The reason "and began to exist" is in the first premise is because only things that began to exist can have a cause or orderer for that beginning (if there is no beginning, there is no need for a beginner/orderer).
Support for Premise 2: Some may attempt counter-examples of this premise. A common one is crystal formation. These formations exhibit order and occur naturally. I totally agree! So does crystal formation have an orderer? Of course. The laws of nature that dictate the way molecules bond are the orderers of such a formation. These laws of the universe are the orderers of much of what we see that appears to have "natural" orderers. Some might claim that there is some universal law that ordered all the other laws.
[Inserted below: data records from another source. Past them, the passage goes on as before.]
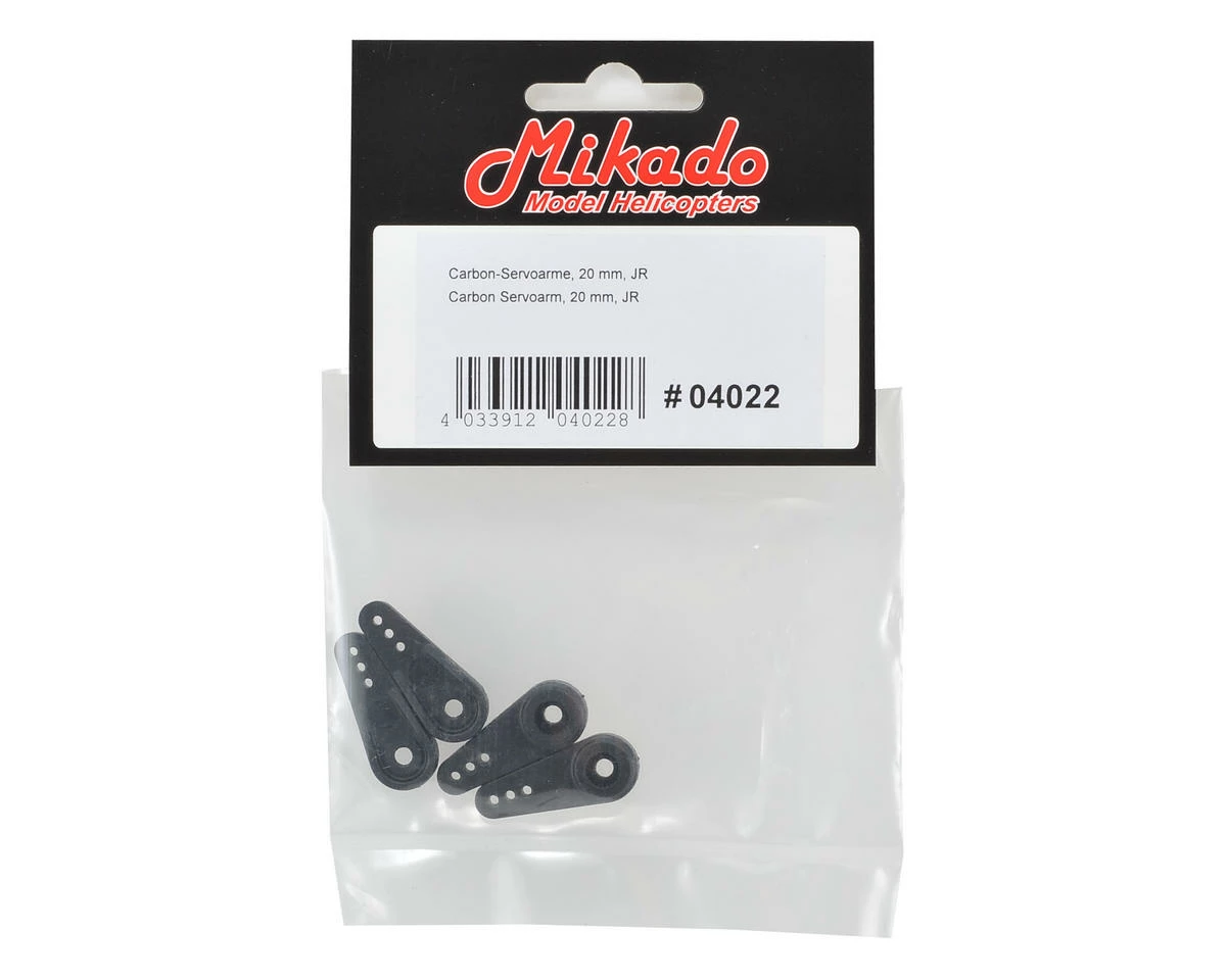 This is a pack of four Mikado 20mm Carbon Servo Arms. These arms are intended for use with servos using a 23 Tooth spline.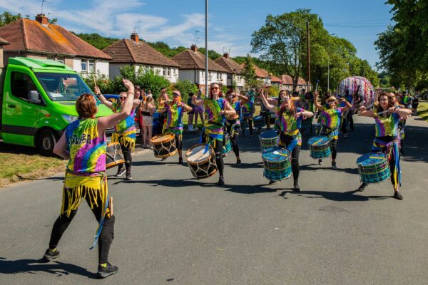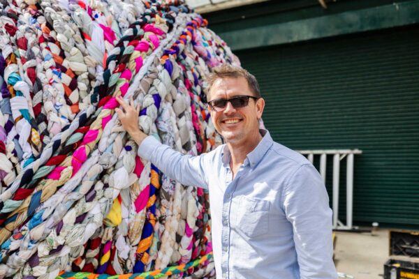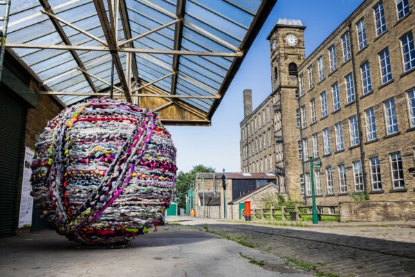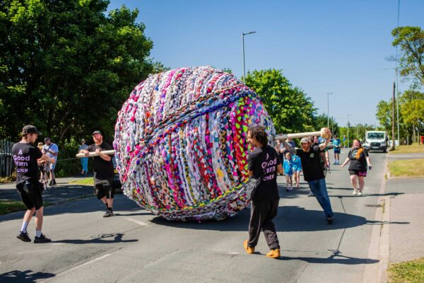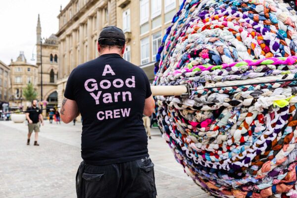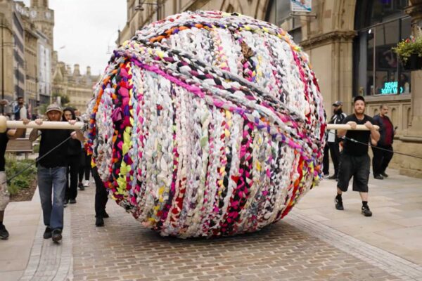 A Good Yarn was quite the sight – a gigantic yarn ball, three metres high and wide. It was created in May and June 2025 by 2,500 residents of BD10, who plaited vast quantities of found and donated fabric into a kilometre-long rope and then wound it into a ball. Following rolls through the streets of BD10 and the city centre in July 2025, the yarn ball went on display at Bradford Industrial Museum.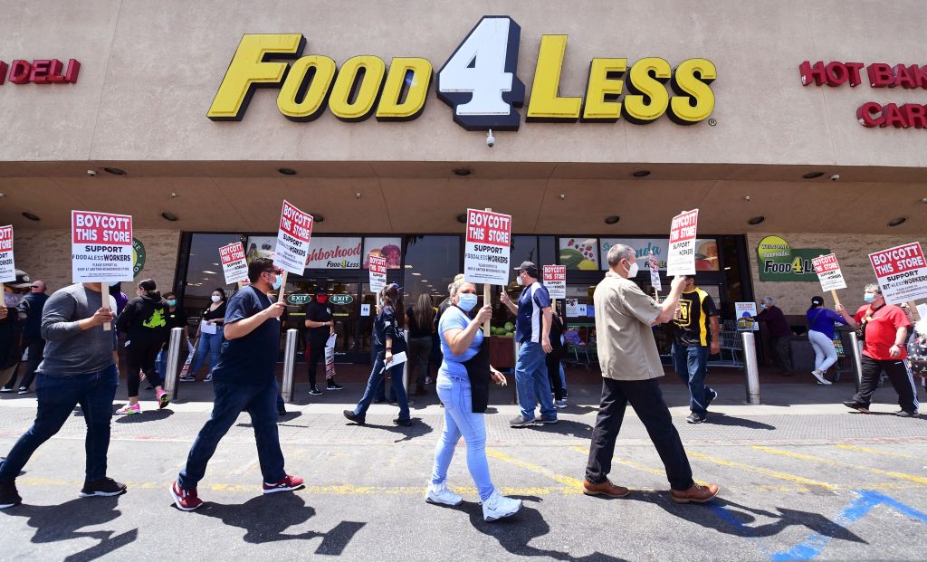 Grocery store workers represented by the United Food and Commercial Workers hold a boycott rally in front of a Food4Less Supermarket in Los Angeles, California, on May 12, 2021. (Photo by Frederic J. Brown / AFP via Getty Images)

If so, that law must also be ordered, since it orders. You can back this argument up but only as far as the beginning of the universe. So did the universe begin to exist? Scientifically, this idea is supported by the Space-Time Theorem of General Relativity (Hawking, Penrose) which says that the universe and everything in it, even matter, space, energy and time, came into existence at the Big Bang. Also, in numerous books on cosmology we find much evidence of a single Big Bang. Even Hawking's more recent invocation of "imaginary time" does not successfully get around a beginning for the universe at the Big Bang. A beginning to the universe also holds philosophically, which is the realm in which I am making this case. The reason the universe must have had a beginning is because of the impossibility of an actual (as opposed to a mathematical) infinite regress. One cannot get to the present by traversing an actual infinite.
Conclusion: A very common objection raised to the conclusion is: "Then who created God?" The key to answering this question is realizing that everything that is ordered and began to exist had an orderer (premise 1). Something with no beginning, like the orderer of the universe, could not have a beginner by definition. And this is not special pleading. A "beginning" makes no sense outside the temporal universe.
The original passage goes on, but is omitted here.